On Mon, Mar 18, 2013 at 11:13 AM, Vít Ondruch <vondruch@redhat.com> wrote:

You can use the same approach we used previously for other macros, e.g.

%{?!gem_install: %global %gem_install(d:n:) \
mkdir -p %{-d*}%{!?-d:.%{gem_dir}} \
\
CONFIGURE_ARGS="--with-cflags='%{optflags}' $CONFIGURE_ARGS" \\\
gem install \\\
        -V \\\
        --local \\\
        --install-dir %{-d*}%{!?-d:.%{gem_dir}} \\\
        --bindir .%{_bindir} \\\
        --force \\\
        --document=ri,rdoc \\\
        %{-n*}%{!?-n:%{gem_name}-%{version}.gem} \
%{nil}
}

Or some simplified version. Please note that I did not tested this macro, so I am pretty sure it does not work out of the box ;) Of course if you can express your voice in this ticket [3], that wold be best :)

That is ugly I must say. This might be better:

%if 0%{?fedora} > 18
%gem_install
%else
mkdir -p .%{gem_dir}
gem install --local --install-dir .%{gem_dir} \
            --force --rdoc %{gem_name}-%{version}.gem
%endif


And the best is to not share the .spec file.

Honest question. Why is not sharing the .spec file the best option? I find that maintaining multiple versions of my spec files is a significant increase in workload and worries me that its more prone to errors of the typo variety.

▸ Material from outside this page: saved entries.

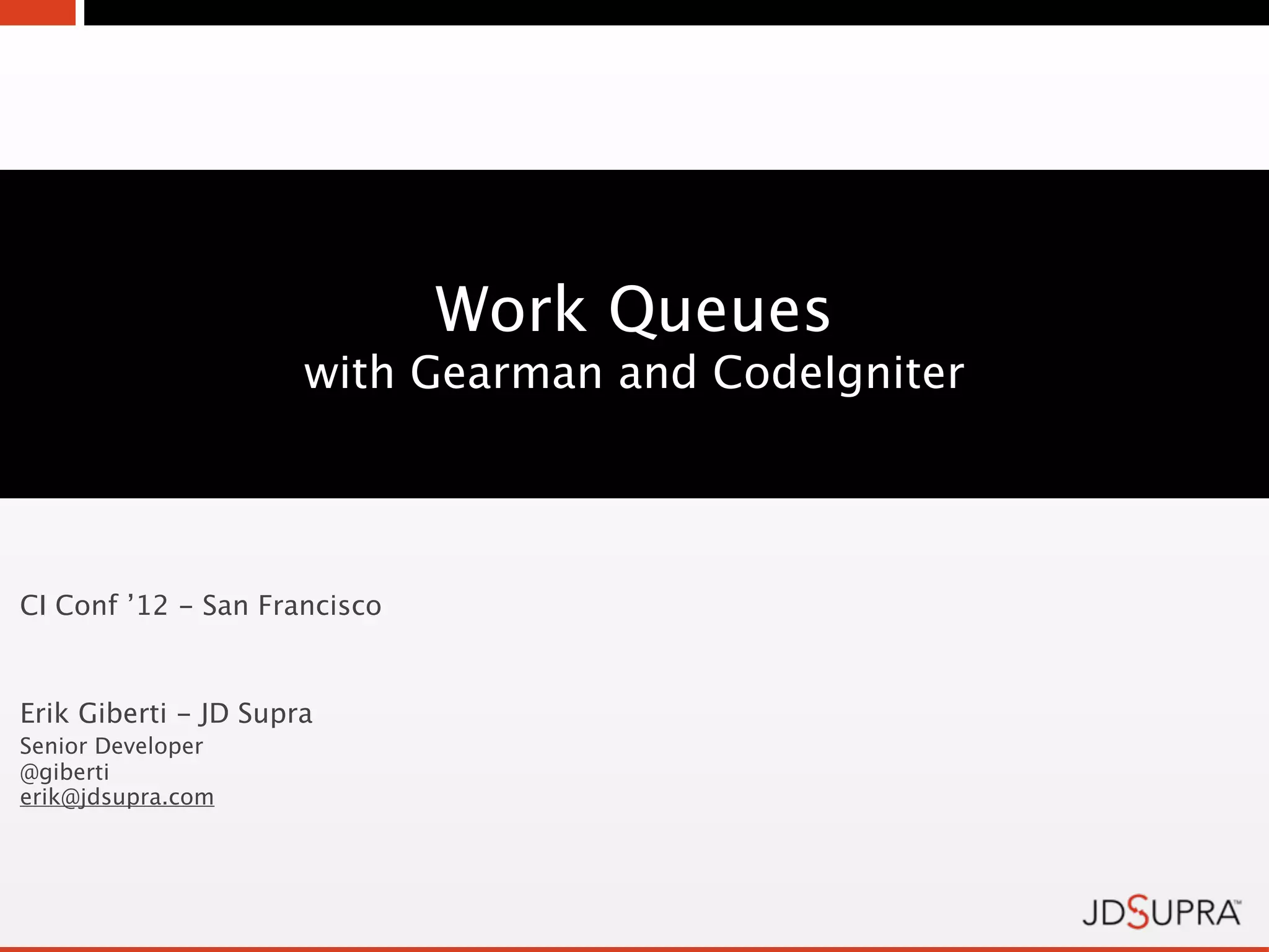 The document discusses using work queues with Gearman and CodeIgniter. It begins with an introduction to work queues, describing them as sequences of stored data or programs awaiting processing. It then discusses the client worker pattern for processing asynchronous jobs, some limitations of this approach, and how Gearman can help address those limitations by facilitating work distribution across languages and servers. The document provides instructions for installing and configuring Gearman to add work queue functionality.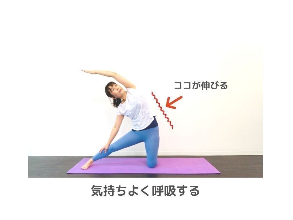 脇腹が気持ちよく伸びているところでゆっくり呼吸します。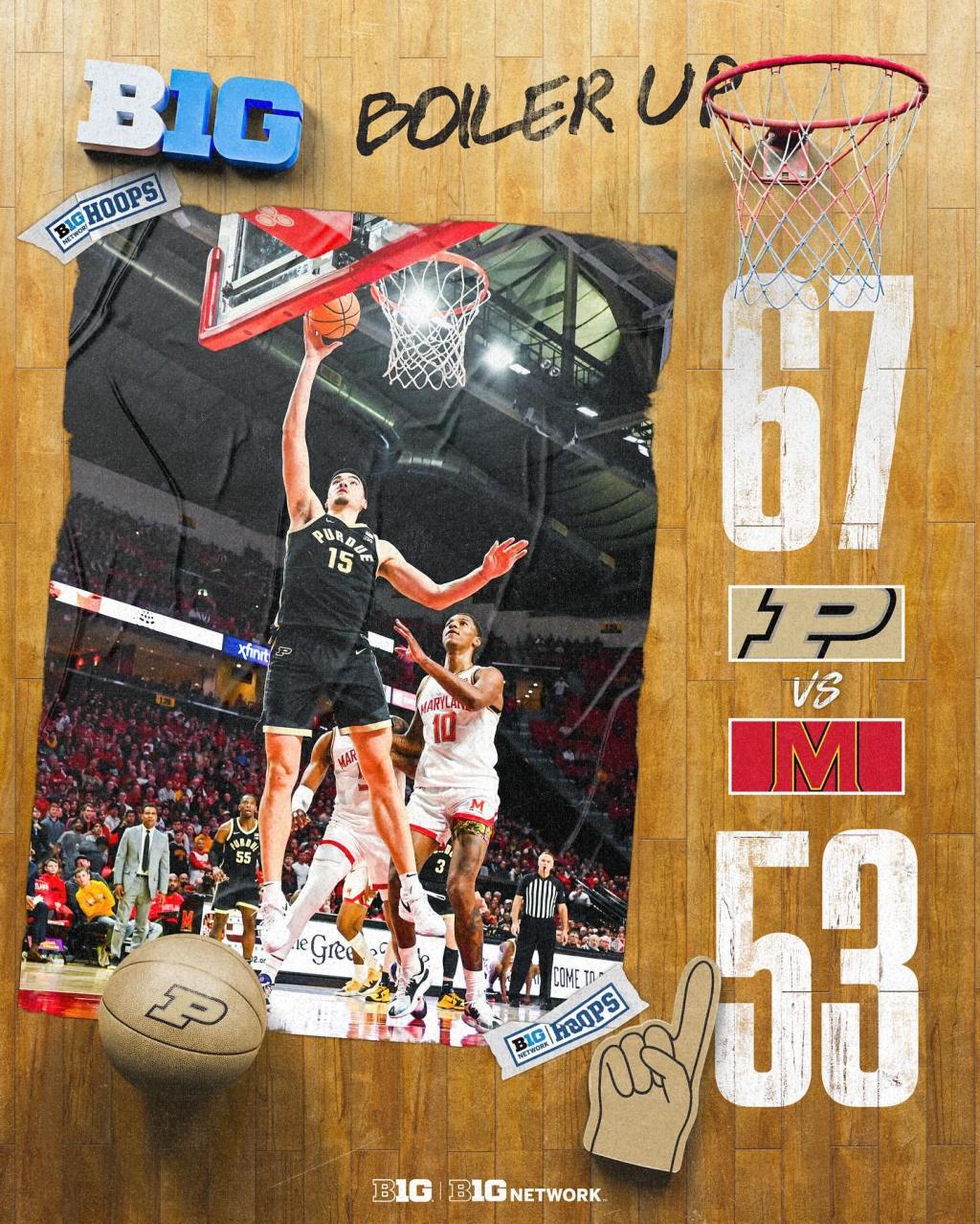 The Purdue Boilermakers defeated The Maryland Terrapins by a final score of 67-53. Purdue’s leading scorers were Zach Edey with 23 points and 12 rebounds, Braden Smith with 14 points, 6 assists, and 7 rebounds, and Lance Jones with 11 points and 4 assists.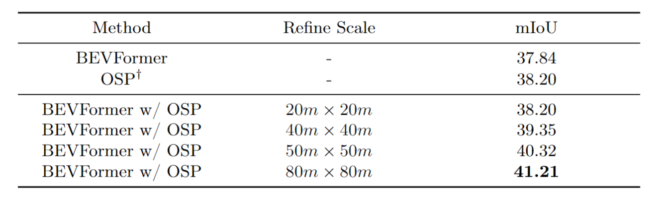 本方法可用于增强 BEV 表征的方法,其增强流程如下图所示。对于一个现有的 BEV 表征方法,OSP 冻结其特征提取的骨干网络并训练 OSP 的解码器部分,这保证了同一个冻结的骨干网络能同时用于 BEV 表征方法和本方法,对于同一样本可以提取出相同的图像特征。训练完成后,对于给定的环视图像输入,二维的图像特征被冻结的骨干网络提取,并同时使用 BEV 表征的解码器和本章的点解码器进行解码,对于 BEV 表征的稠密的预测结果,本方法可以自适应的选取置信度较低的位置作为 PoIs 并生成稀疏的点预测结果,通过将稠密输出和稀疏的点预测输出加权求和得到增强后的结果。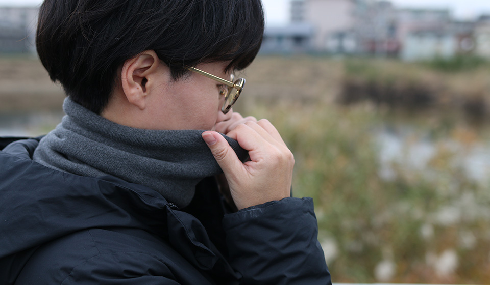 もちろんマフラーやスヌードなど服装に合わせて使うものも、いろいろ持ってるんですよ。しかし、このネックウォーマーはお守りみたいなもので、寒くてしょうがない時にどうにかしてくれるアイテムなんです。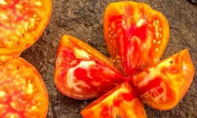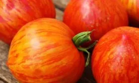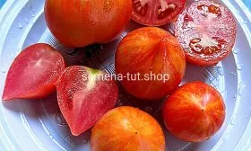Окраска зрелого томата уникальна и декоративна: основной фон — глубокий, насыщенный красный, по которому проходят контрастные золотисто-желтые полосы и разводы. Такой окрас — не просто игра природы, а индикатор высокого содержания полезных пигментов: красного ликопина и желтых каротиноидов (бета-каротина). Интенсивность полосатости может варьироваться в зависимости от степени освещенности плода и температурных условий во время созревания.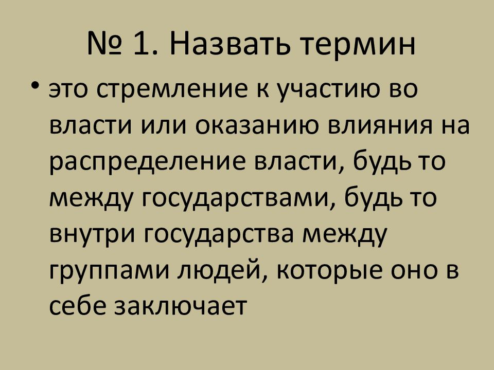 это стремление к участию во власти или оказанию влияния на распределение власти, будь то между государствами, будь то внутри государства между группами людей, которые оно в себе заключает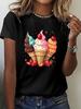 Women's T-shirt color ice cream cone strawberry print T-shirt casual round neck short sleeved top

Along those lines. If the same macros were available in epel is there any reason the same spec files wouldn't work everywhere? What I'm getting at is would be any value in creating a package that provided the same macros for older releases which could be included as a BuildRequires for older packages.  I'm just a bit worried about adding the header to my epel packages isn't really maintainable since I'd need to update every package using it if I discovered a bug or another reason it needed to be changed.